O yeah I think I am hooked!! FFBG


----------



## steelfly (Nov 9, 2008)

Nice Chrome there BG. They are fun to play with. I'm in Perrysburg, maybe we can line up sometime to catch some steelies. Where did you guys park for the Rock? I haven't been there and was just wondering about good spots to start.


----------



## Carpman (May 18, 2005)

Did better than me today! Nice fish!


----------



## Cleveland Metroparks (Dec 14, 2005)

Congratulations! And a very nice fresh buck at that.

Mike


----------



## corndawg (Oct 24, 2007)

Yep, sounds like you have the sickness  . Congrats on getting your first one.


----------



## fishingfoolBG (Oct 30, 2007)

Hey guys thanks for the comments. Steefly here is that link to ODNRs website, it has a map of the rocky river with all the public accsess location. We parked in the rocky river metropark, there are plenty of places to park along the river. With gas being so cheap i am able to afford some trips, it only took 25 dollars to fill up my truck, it got me there and back. Looks like i might be heading out wed if the conditions arent bad. PM me if you wanna go for some chrome. FFBG

http://www.dnr.state.oh.us/Home/Fis...hingfairportsteelhead/tabid/6166/Default.aspx


----------



## mrphish42 (Jan 24, 2008)

FishinfoolBG.....You think your hooked....Go back and re-look that picture. What do you see....That smile/ that pose/ and that fish.....Bet you didn't look that wild-eyed over your first bluegill....even as a kid.....You are "HOOKED" and one great job,well done.........Jon Sr.


----------



## steelheadBob (Jul 6, 2004)

Nice fish..... I think i seen you guys down there today!


----------



## BigDaddy300 (Nov 1, 2004)

steelheadBob said:


> Nice fish..... I think i seen you guys down there today!

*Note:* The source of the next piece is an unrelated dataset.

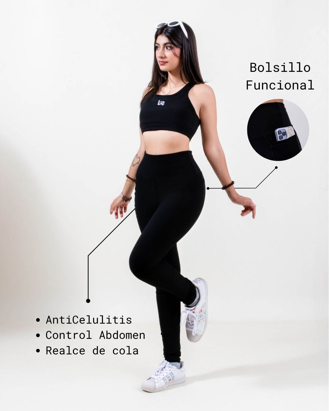 ✔ Leggins bota tubo con control abdomen, efecto anticelulitis y antitransparencia + 2 bolsillos laterales prácticos.
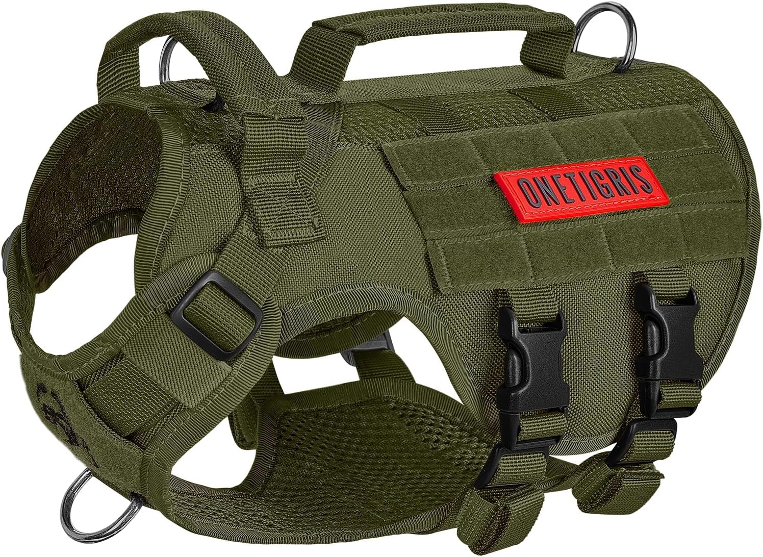 - [Molle/Handles]: Looped MOLLE panel on both sides for MOLLE compatible add-ons such as treat totes, poop bag pouches, service dog kits, military patches and name tags. 2 padded grab handles with reinforced stitchin. Useful for getting in/out of a car, immediate canine control in crowded areas or with other dogs, etc.

Say it ain't so! You fished the Rock! Hope you saved some for me You do any good Bob?


----------



## steelheadBob (Jul 6, 2004)

I got 5 down there. Im not going back to the rock for awhile until it gets a good run. I took bigbassin07 and his dad out east today and those two lit them on fire after the slush burned off. His dad got his first one!!!! wHEN U AND PARMA GOING TO GO WITH ME OUT EAST????


----------



## BigDaddy300 (Nov 1, 2004)

Definately not a big run in there yet. We do have to hook up and go east. Soon I hope! Have to get Parma on some fish.


----------



## ParmaBass (Apr 11, 2004)

I AM OFF WORK FROM DEC 17th - JAN 5th!! SOMEONE GET ME ON SOME FISH!!!


----------



## archman (Apr 30, 2004)

Come out on Wednesday and I'll guarantee some fish!


----------



## ParmaBass (Apr 11, 2004)

lol, the same 8 fish guarantee the last time we went I hope??!! Up to 90&#37; now, be ready to take lots of pictures of me holding fish!


----------



## archman (Apr 30, 2004)

Hey now, that wasn't a guarantee, it was a prediction. You should know what I'm talking about, you're a Browns fan! And if you can't catch fish where we're going you should hang up the rod!


----------



## MuskieJim (Apr 11, 2007)

Haha....I know your secrets Joel


----------



## BigDaddy300 (Nov 1, 2004)

ParmaBass said:


> I AM OFF WORK FROM DEC 17th - JAN 5th!! SOMEONE GET ME ON SOME FISH!!!


I will take you to a place and guarantee you can get fish! Its called RED LOBSTER!!!!!   You have to get on the water to catch them. This is what they look like. LOL!!!!


----------



## ParmaBass (Apr 11, 2004)

At first glimpse I thought that was a picture of you. Then I saw a little hair on the fish's head.


----------



## BigDaddy300 (Nov 1, 2004)

HA HA!!! Bald is beautiful! Thats why fish don't have hair. Your just jealous of my "chrome" dome.


----------